Your task ▸
Could you restate the data word for word and drop the pictures?

[Records supplied Boundary: Start]

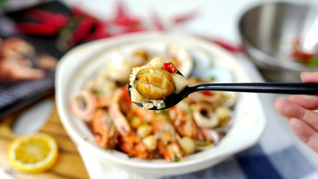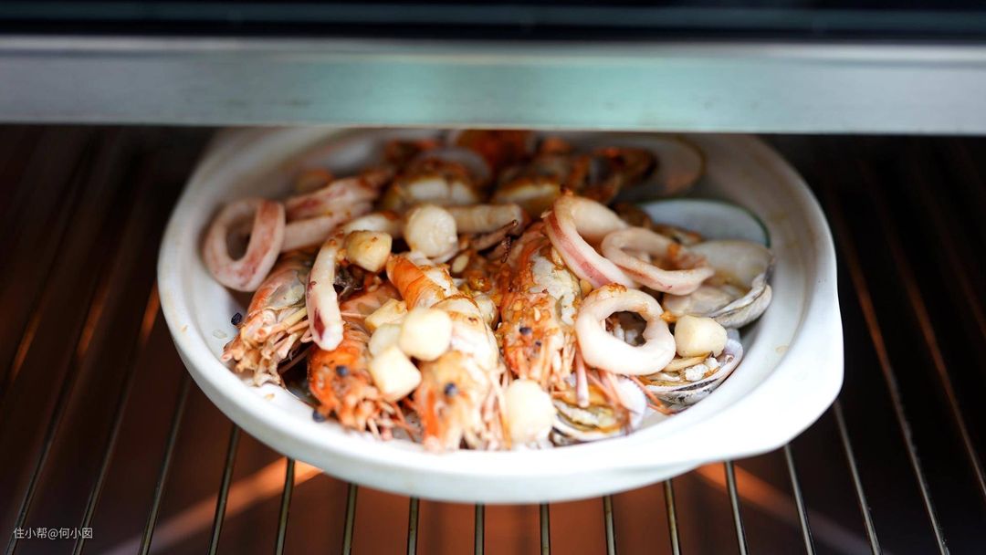 米饭用黄油炒一下,然后放入砂煲,把刚刚焯水的海鲜铺在米饭上,放进去蒸烤箱,使用小面积烧烤模式,加003度蒸汽,蒸烤20分钟
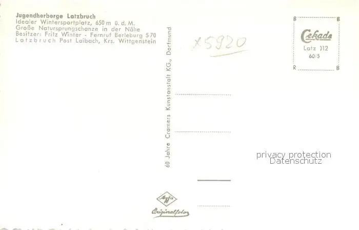 Latzbruch Jugendherberge Latzbruch postalisch nicht gelaufen 1960 Erhaltung siehe scans [FriedD77] Frierer
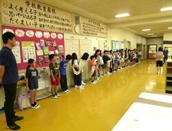 今日から,各学年2回ずつのあいさつ運動に取り組みます。まずは6年生からのスタートです。大きく元気な声で「おはようございます」と朝のあいさつをしました。
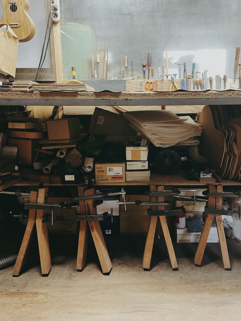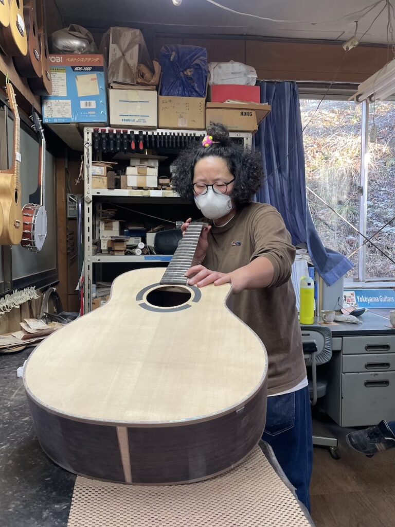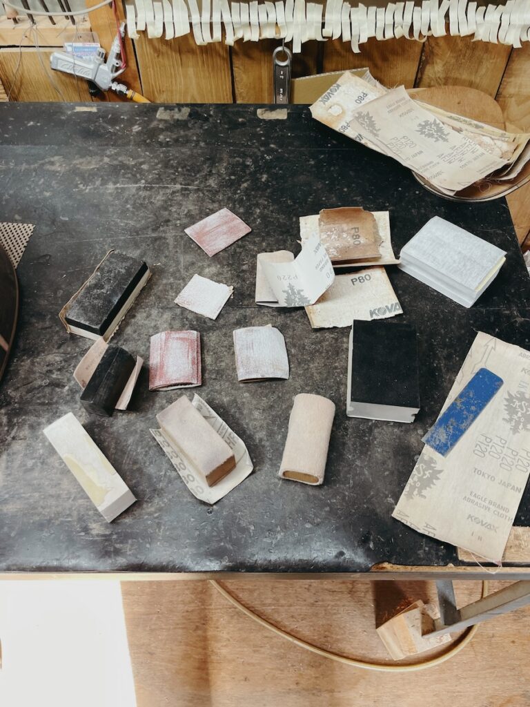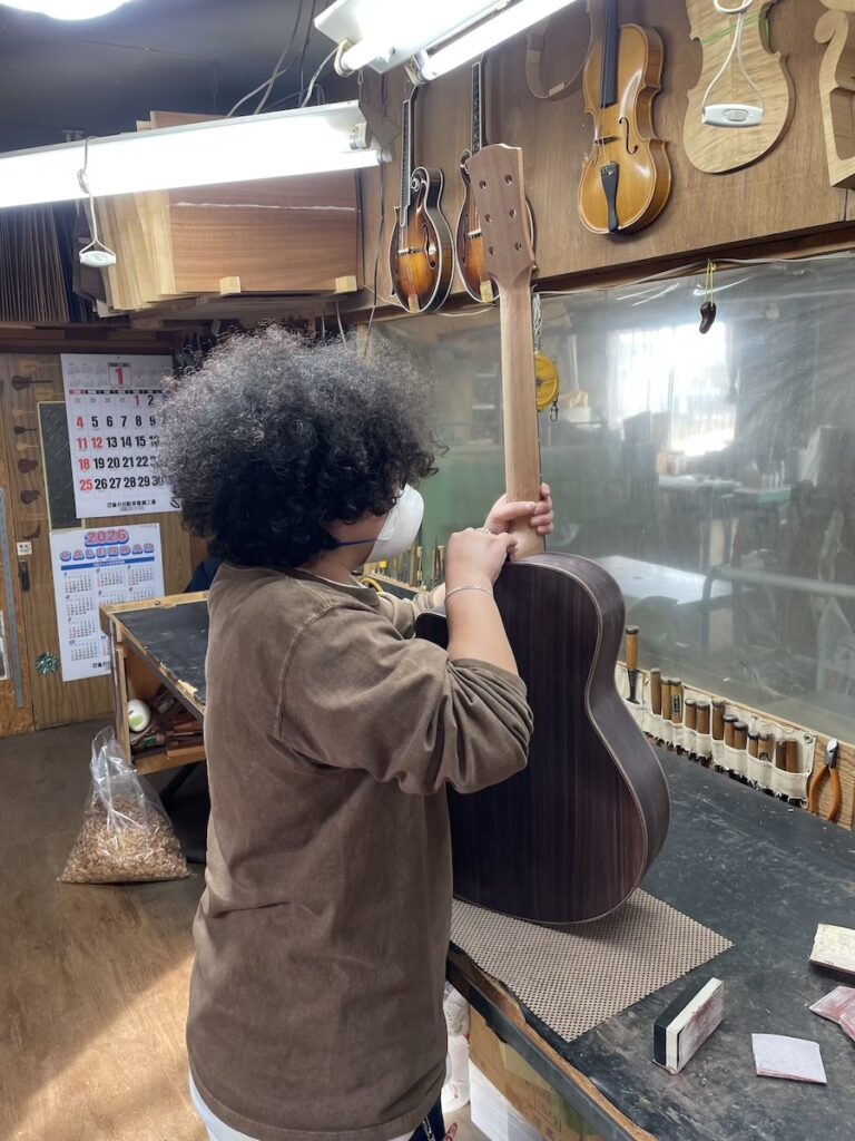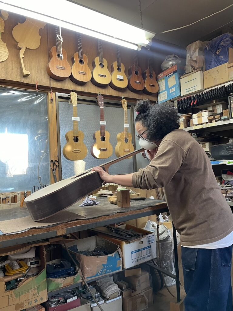 ネックを削り終わった個体から、ネックのサンディング作業に取り掛かります。この作業は、美紀さん担当です。
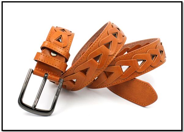 A. Product Name: HongDing Light Brown Braided Hollow-Out PU Belts With Pin Buckle For Women and Men
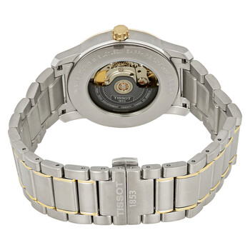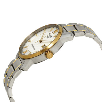 Titanium case with a titanium bracelet with Gold PVD links. Fixed gold PVD titanium bezel. Silver dial with gold-tone hands and index hour markers. Arabic numerals mark the 6 and 12 o'clock positions. Minute markers around the outer rim. Dial Type: Analog. Date display at the 3 o'clock position. Tissot calibre Powermatic 80 (C07.111) automatic movement with an 80-hour power reserve. Scratch resistant sapphire crystal. Pull / push crown. Transparent case back. Round case shape. Case size: 40 mm. Case thickness: 9 mm. Band width: 22 mm. Band length: 7 inches. Deployment clasp. Water resistant at 30 meters / 100 feet. Functions: date, hour, minute, second. Casual watch style. Watch label: Swiss Made. Tissot T-Classic Automatic Silver Dial Two-tone Men's Watch T0874075503700.
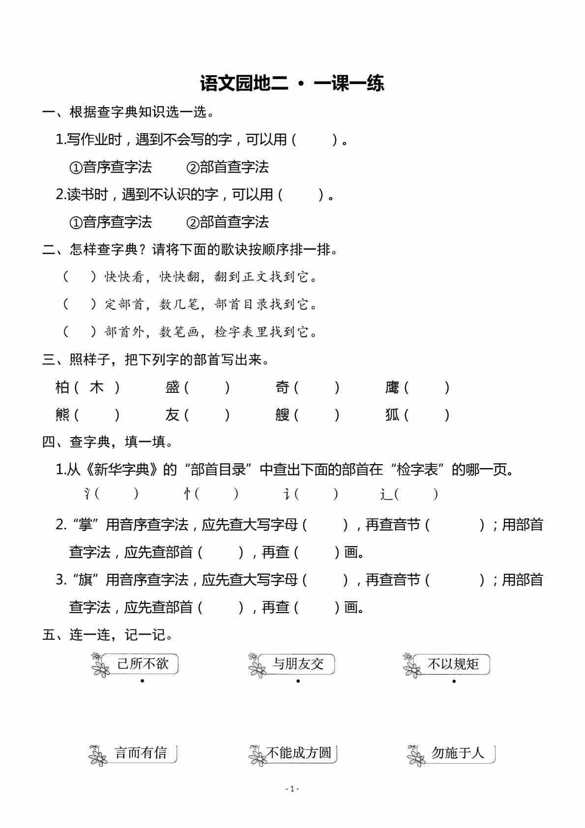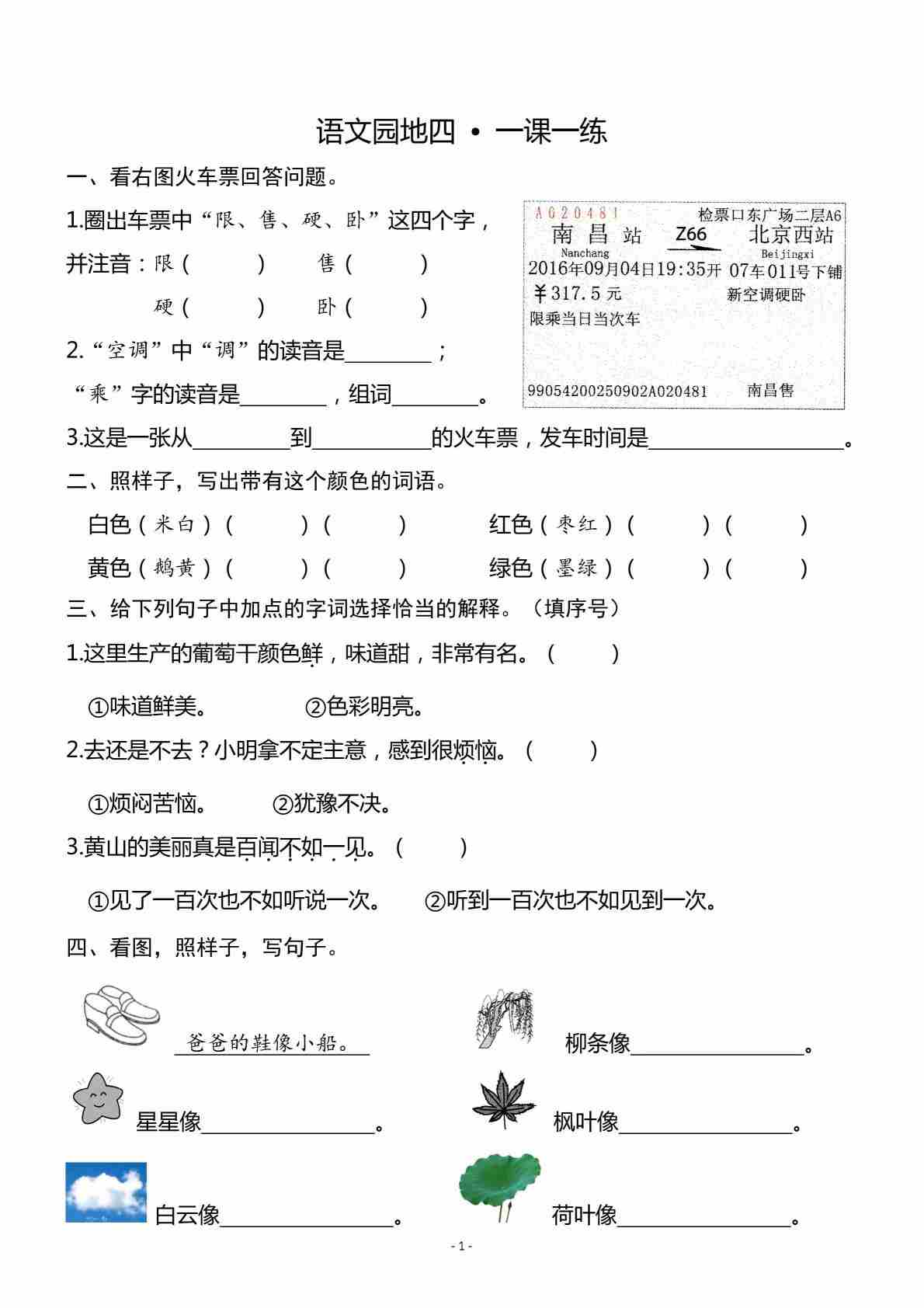 二(上)《语文园地四》一课一练
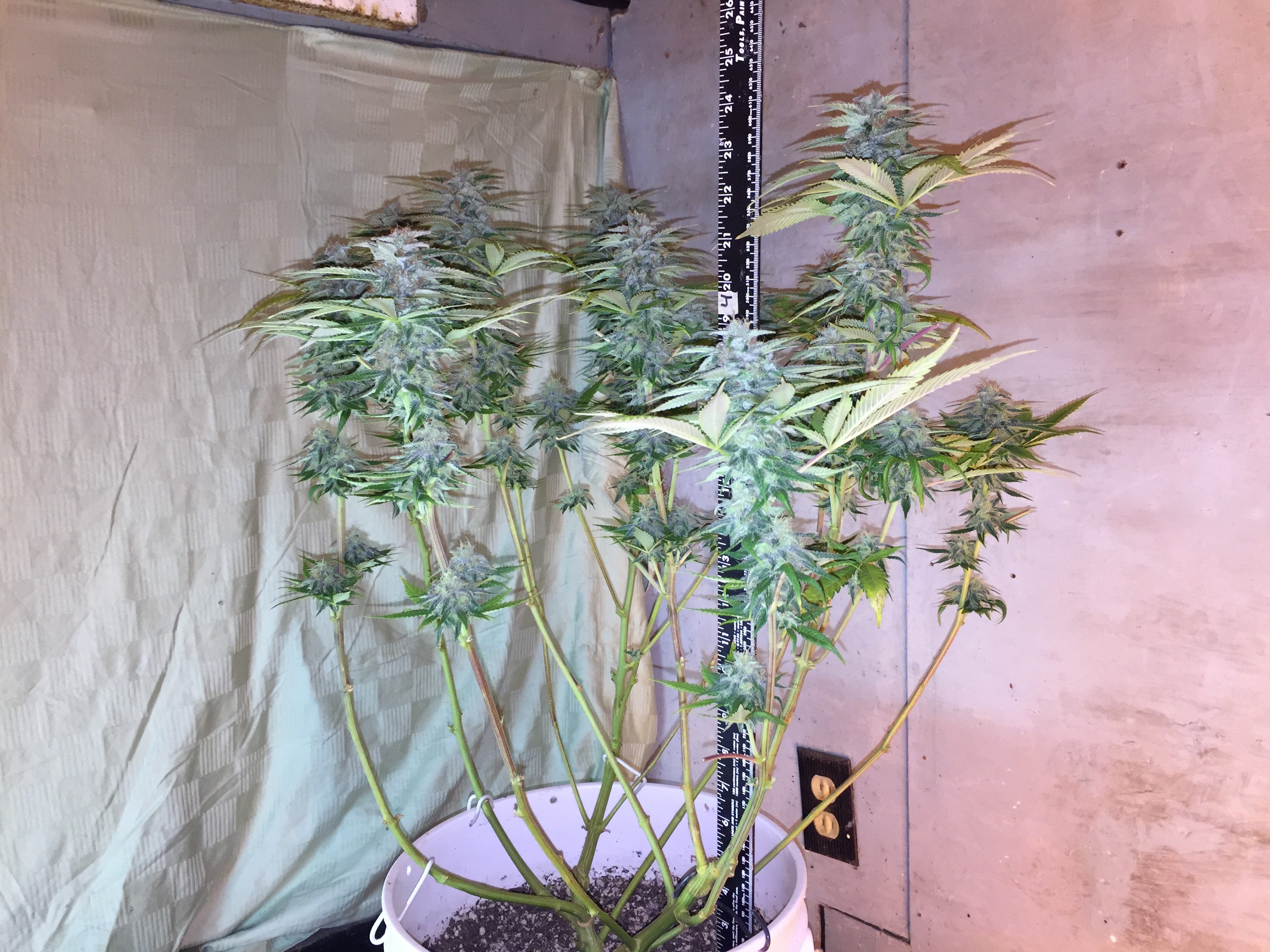 Exploring plant training techniques, this time it's Manifolding with an early Flip. At Flip, looking downover her, she didn't even cover all the dirt on the bucket with her leaves. But she filled out nicely, a testament to manifolding.
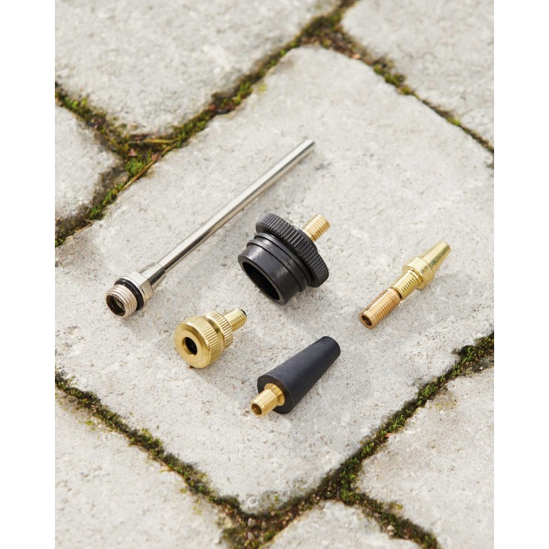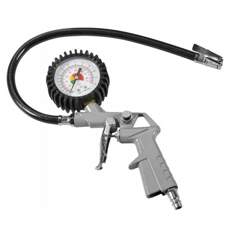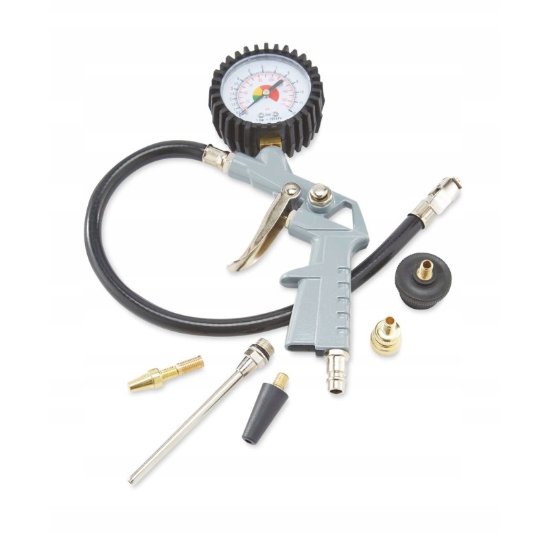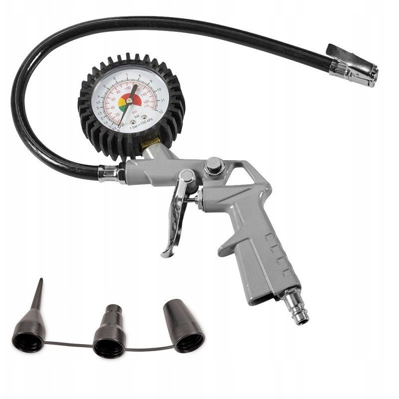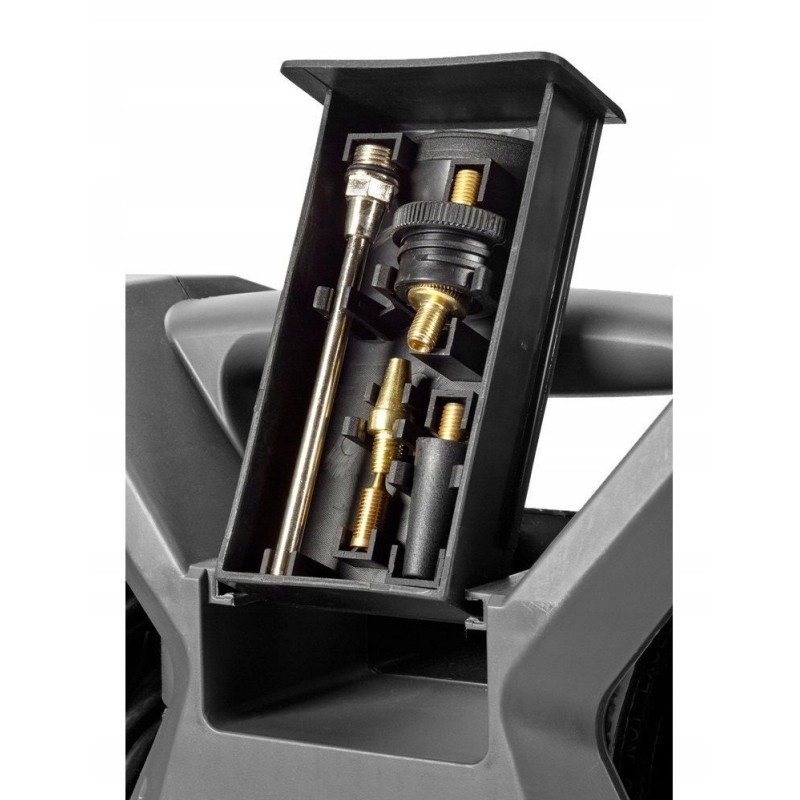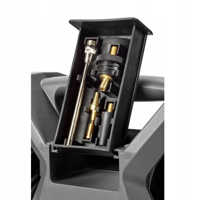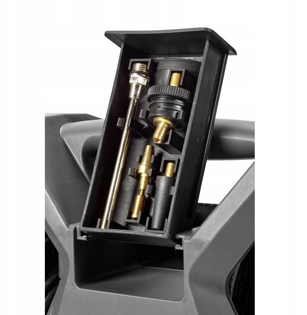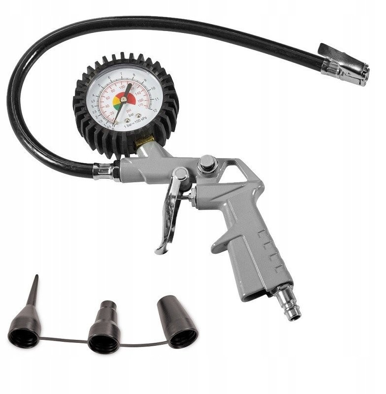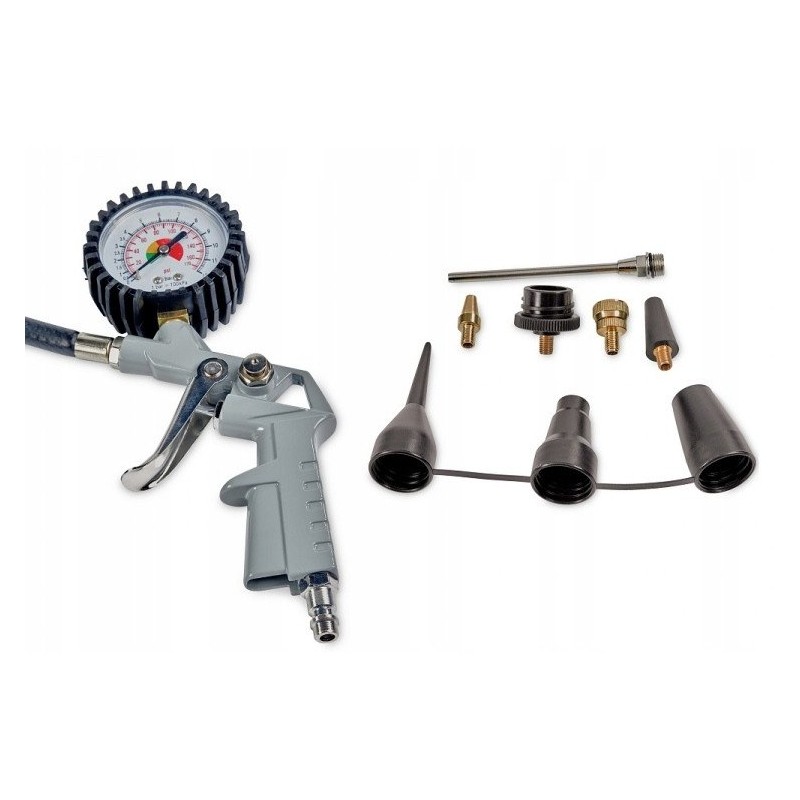 Der Kompressor verfügt über einen integrierten 3 m langen Druckschlauch, einen Satz Aufsteckdüsen zum Aufpumpen sowie eine 2-in-1-Pistole – zum Aufpumpen mit Manometer und nach dem Wechseln der im Lieferumfang enthaltenen Düse zum Ausblasen.

[Records supplied Boundary: End]

Response box ▸
 米饭用黄油炒一下,然后放入砂煲,把刚刚焯水的海鲜铺在米饭上,放进去蒸烤箱,使用小面积烧烤模式,加003度蒸汽,蒸烤20分钟
 Latzbruch Jugendherberge Latzbruch postalisch nicht gelaufen 1960 Erhaltung siehe scans [FriedD77] Frierer
 今日から,各学年2回ずつのあいさつ運動に取り組みます。まずは6年生からのスタートです。大きく元気な声で「おはようございます」と朝のあいさつをしました。
 ネックを削り終わった個体から、ネックのサンディング作業に取り掛かります。この作業は、美紀さん担当です。
 A. Product Name: HongDing Light Brown Braided Hollow-Out PU Belts With Pin Buckle For Women and Men
 Titanium case with a titanium bracelet with Gold PVD links. Fixed gold PVD titanium bezel. Silver dial with gold-tone hands and index hour markers. Arabic numerals mark the 6 and 12 o'clock positions. Minute markers around the outer rim. Dial Type: Analog. Date display at the 3 o'clock position. Tissot calibre Powermatic 80 (C07.111) automatic movement with an 80-hour power reserve. Scratch resistant sapphire crystal. Pull / push crown. Transparent case back. Round case shape. Case size: 40 mm. Case thickness: 9 mm. Band width: 22 mm. Band length: 7 inches. Deployment clasp. Water resistant at 30 meters / 100 feet. Functions: date, hour, minute, second. Casual watch style. Watch label: Swiss Made. Tissot T-Classic Automatic Silver Dial Two-tone Men's Watch T0874075503700.
 二(上)《语文园地四》一课一练
 Exploring plant training techniques, this time it's Manifolding with an early Flip. At Flip, looking downover her, she didn't even cover all the dirt on the bucket with her leaves. But she filled out nicely, a testament to manifolding.
 Der Kompressor verfügt über einen integrierten 3 m langen Druckschlauch, einen Satz Aufsteckdüsen zum Aufpumpen sowie eine 2-in-1-Pistole – zum Aufpumpen mit Manometer und nach dem Wechseln der im Lieferumfang enthaltenen Düse zum Ausblasen.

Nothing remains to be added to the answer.